The social and economic impacts of unilateral coercive measures on Syria

The unilateral coercive measures applied by source States out of a concern for human rights are actually contributing to the worsening of the humanitarian crisis in Syria, affecting the life of Syrian citizens, hindering the delivery of their daily basic needs, and impedes national and international efforts to respond to the humanitarian needs of citizens.

The social and economic impacts of unilateral coercive measures on Syria - GEOPOLITICA.info

At present the disaster has led to 5.6 million refugees living outside the country, the majority are living in regional countries (Turkey, Lebanon, Jordan, Iraq, and Egypt). 6.6 million People have been internally displaced in 2018. Lack of job opportunities, the closure of factories, unable to obtain raw materials have all contributed to increasing the emigration of Syrians.

Before the 2011 uprisingSyria was a middle-income country and the only country in the region that was self-sufficient in food production, had achieved many of the Millennium Development Goals, including those related to primary education and gender parity in secondary education, and has made progress in decreasing malnutrition and infant mortality rates and increasing access to improved sanitation. The Syrian economy was relatively stable with annual GDP growth averaging around 5%.

Foreign currency reserves have been depleted, and international financial and other assets remain frozen, in 2010, 45 Syrian Pounds were exchanged for one dollar; by 2017 the rate fell to fell to 515 Syrian Pounds per dollar. Oil and economy embargoes impair the ability of Syria to purchase food internationally and the financial embargo prevents the country from paying for whatever it can afford to import. Furthermore, the declining economy makes it more difficult to subsidize food.

There have been repeated calls for States to avoid applying sanctions unilaterally, including through resolution 39/210 of UN General Assembly, which states that developed countries should refrain from threatening or applying trade and financial restrictions, blockade, embargoes, and other economic sanctions, incompatible with the provisions of the Charter of the UN and in violation of undertakings contracted, multilaterally and bilaterally, against developing countries as a form of political and economic coercion that affects their political, economic, and social development.

The US and EU sanctions on Syria are contributing to this humanitarian calamity, have been described as some of the “most complicated and far-reaching sanction regimes ever imposed”.

American sanctions, first applied in December 1979, amended with comprehensive measures  in May 2004, and strengthened again in 2011, are all-encompassing and include trade and travel restrictions, financial sanctions, and asset freezes on individual in Syria, as well as an arms embargo ban on “dual use” goods includes such items as drilling equipment and pipes used for water and sanitation which require a special license even though a shortage of fresh drinking water is a major health hazard in Syria.

EU sanctions were first imposed on 1 December 2011 and are subject to an annual review. They include an oil embargo, as well as “restrictions” on certain types of investments, a freeze on assets held by Syria’scentral bank in the EU, and restrictions on exports to Syria of equipment and technology, such as those that could be used to monitor telephone and internet communications.

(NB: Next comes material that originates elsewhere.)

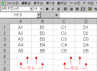 【図1−2】の一つ一つのセル(A1〜D5)がExcelの住所に成ります。

In addition, Australia, Canada, Japan, Norway, Switzerland, Turkey, the United Kingdom, and the Arab League have applied, inter alia, financial sanctions, as well as asset freezes, travel restrictions and arms embargoes on Syria.

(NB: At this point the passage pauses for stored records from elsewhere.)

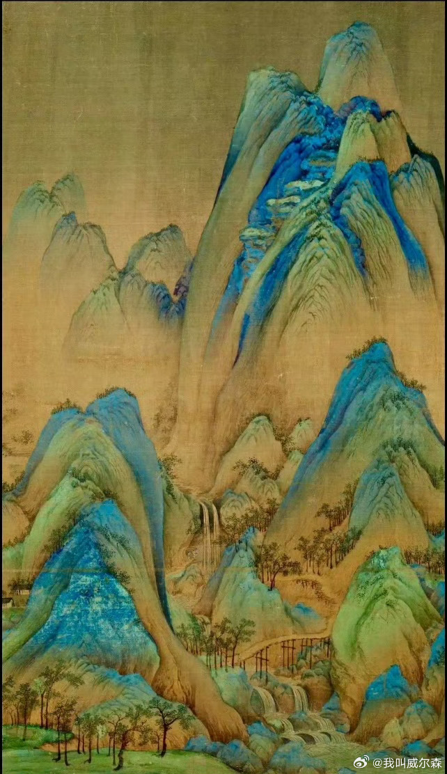 它是大青绿山水,用石青、石绿、赭石等矿物颜料层层叠加,所以历经近千年依然鲜艳夺目,这就是“只此青绿”的来源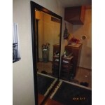 【before】キッチンに通じるドアがあることで、洗面化粧台のサイズが限られていました。奥の収納も買い足した家具を設置していった結果、ちぐはぐな印象になってしまいました。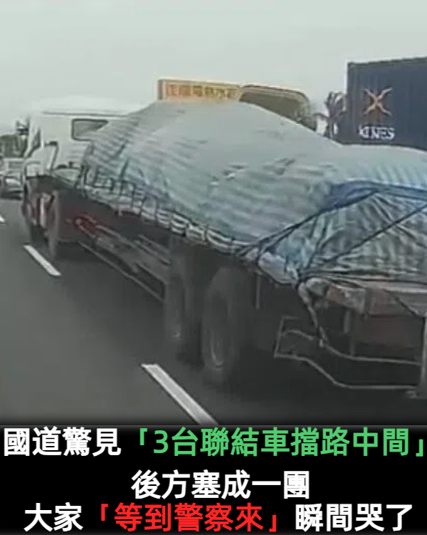 半條路被封!國道驚見「3台聯結車擋路中間」後方塞成一團 大家「等到警察來」瞬間哭了

Despite the humanitarian exemptions, in practice, international private companies are unwilling to to jump the hurdles necessary to ensure they can transact with Syria without being accused of inadvertently violating the restrictive measures.

Prior to the current crisis, Syria practices universal free health care for all its citizens, enjoyed some of the highest levels of care in the region. More than 90% of the medicines used in Syria were locally produced. Since then, economic sanctions, currency fluctuations, difficulty in the availability of hard currency and an increase in operational costs have negatively affected the production of medicines and pharmaceutical products such as anti-cancer medicines, and other specific medicines.

Medicines which are patented in the US or Europe cannot be substituted for from other markets. As a result, available quantities of medicines are currently limited, and they often do not cover the health needs of the population.

The World Health Organization reported that approximately 11.3 million Syrians lack access to adequate health care, and one in three children is missing out on life-saving vaccines, declining from 95% in 2006 to only 60% in 2016.

The demands created by the crisis have overwhelmed the System and created extraordinary high levels of need. Despite this, restrictive measures, particularly those related to the banking system, have harmed the ability of Syria to purchase and pay for medicine, equipment, spare parts and software.